Concernant les gestes autorisés, "l'examen peut comporter une palpation des seins, une palpation abdominale, un toucher vaginal avec gant ou doigtier, et l'usage de matériels médicaux tels qu'un spéculum ou une sonde endovaginale. Dans certains cas, le recours à un toucher rectal après explications peut être justifié", prévoit aussi la charte. Mais ces pratiques doivent bientôt être précisées. "Des recommandations de pratiques cliniques sont en cours de rédaction et devraient être prêtes pour la fin de l'année", assure à franceinfo le CNGOF.

3Comment le gynécologue doit-il recueillir le consentement de la patiente ?

La charte des bonnes pratiques du CNGOF précise que la consultation en gynécologie ou en obstétrique "n'est pas une consultation comme les autres puisqu'elle touche à l'intimité des patientes" et que "l'accord oral de la femme est recueilli avant tout examen clinique." Par ailleurs, "l'examen doit pouvoir être interrompu dès que la patiente en manifeste la volonté".

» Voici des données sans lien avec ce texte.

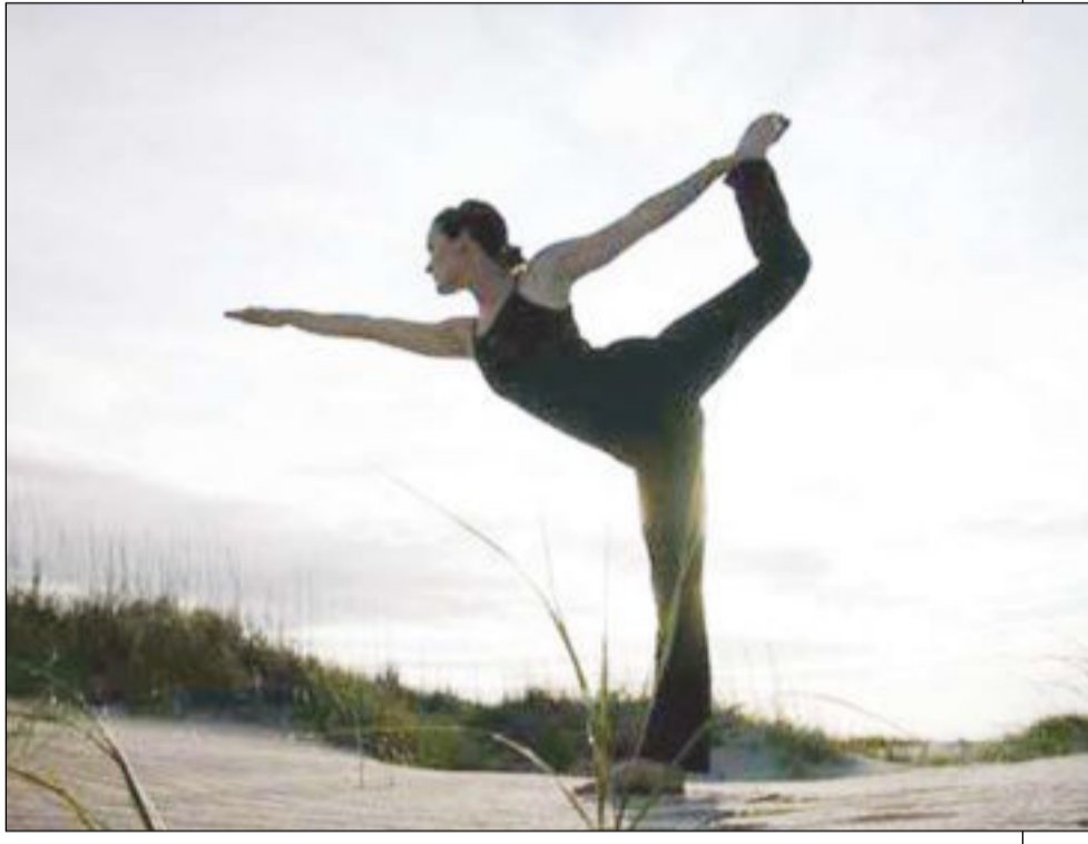
احدى حركات اليوغا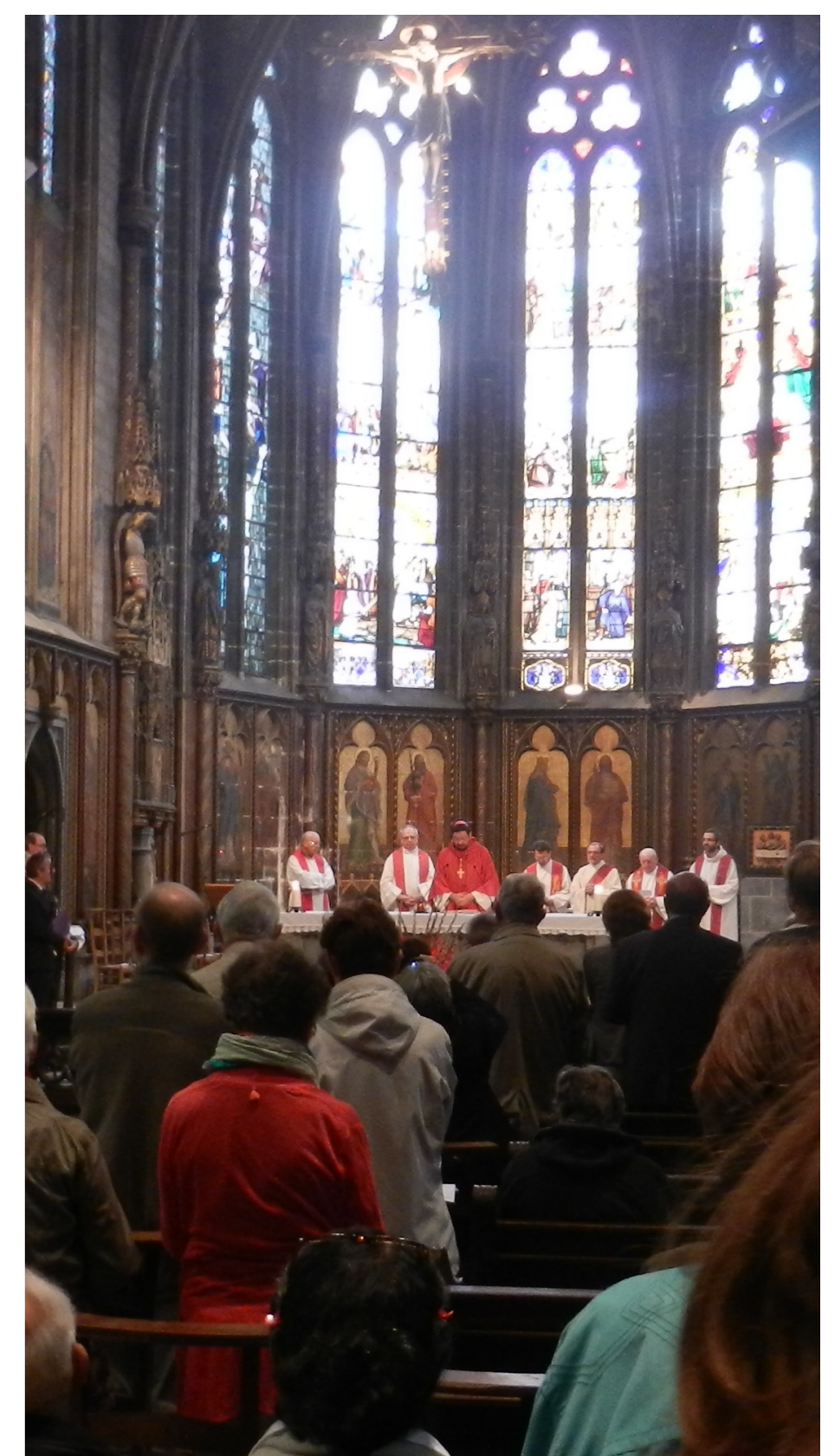
Messe à l'occasion de la fête de la Croix Glorieuse célébrée par Mgr Jean-Pierre Delville le 14 septembre 2014.

Dans les années 1950, à Sainte-Croix, les offices accueillaient encore régulièrement jusqu'à six cents personnes. Mais, dans le tournant des années 1970, le quartier a été éventré pour permettre à l'automobile d'arriver au centre-ville et, en 2009, il n'y avait plus qu'une vingtaine de fidèles pour hanter ce lieu de culte majeur. En pareilles circonstances, on pourrait imaginer qu'il suffit de demander aux fidèles du quartier voisin d'abandonner leur église au profit d'une autre, au caractère patrimonial reconnu, mais, en ville, on fréquente une église – on l'habite ensemble? – pour des raisons que ne reconnaissent pas forcément les historiens de l'art, des raisons d'entre soi, de projet commun. Depuis la fin du workshop , un nouveau projet a surgi dont l'Evêque s'est fait le porte-parole : faire de Sainte-Croix une église œcuménique. Une piste qui entre en résonance avec nos sociétés multiculturelles.

Mais cette pratique pourrait être amenée à évoluer. "Le point problématique dans les affaires de viol, c'est l'existence d'une preuve du consentement, car on est dans du parole contre parole", note le pénaliste Avi Bitton. Parmi les changements possibles, ce dernier note que la signature, par le patient, d'un formulaire écrit de consentement à l'examen médical, comme il est d'usage pour d'autres types d'actes, permettrait de formaliser le recueil du consentement de la patiente examinée.

4D'autres femmes avaient-elles déjà dénoncé des faits comparables ?

Oui. En 2014, de nombreuses femmes avaient pris la parole sur les réseaux sociaux pour dénoncer les violences gynécologiques dont elles s'estimaient victimes avec le hashtag #PayeTonUterus. En juin 2018, le Haut Conseil à l'égalité entre les femmes et les hommes avait publié un rapport sur les "actes sexistes durant le suivi gynécologique et obstétrical", notant que 3,4% des plaintes déposées auprès des instances disciplinaires de l'Ordre des médecins en 2016 concernent des agressions sexuelles et des viols commis par des médecins.

Ces dernières années, plusieurs gynécologues ont également fait l'objet de plaintes par un grand nombre de patientes. Parmi eux figure le professeur Emile Daraï, spécialiste de l'endométriose et ancien chef de service à l'hôpital Tenon (AP-HP), avec lequel Chrysoula Zacharopoulou a travaillé. Il est sous le coup d'une enquête depuis le 3 janvier pour des accusations de viols concernant au moins 25 patientes, ce qu'il conteste.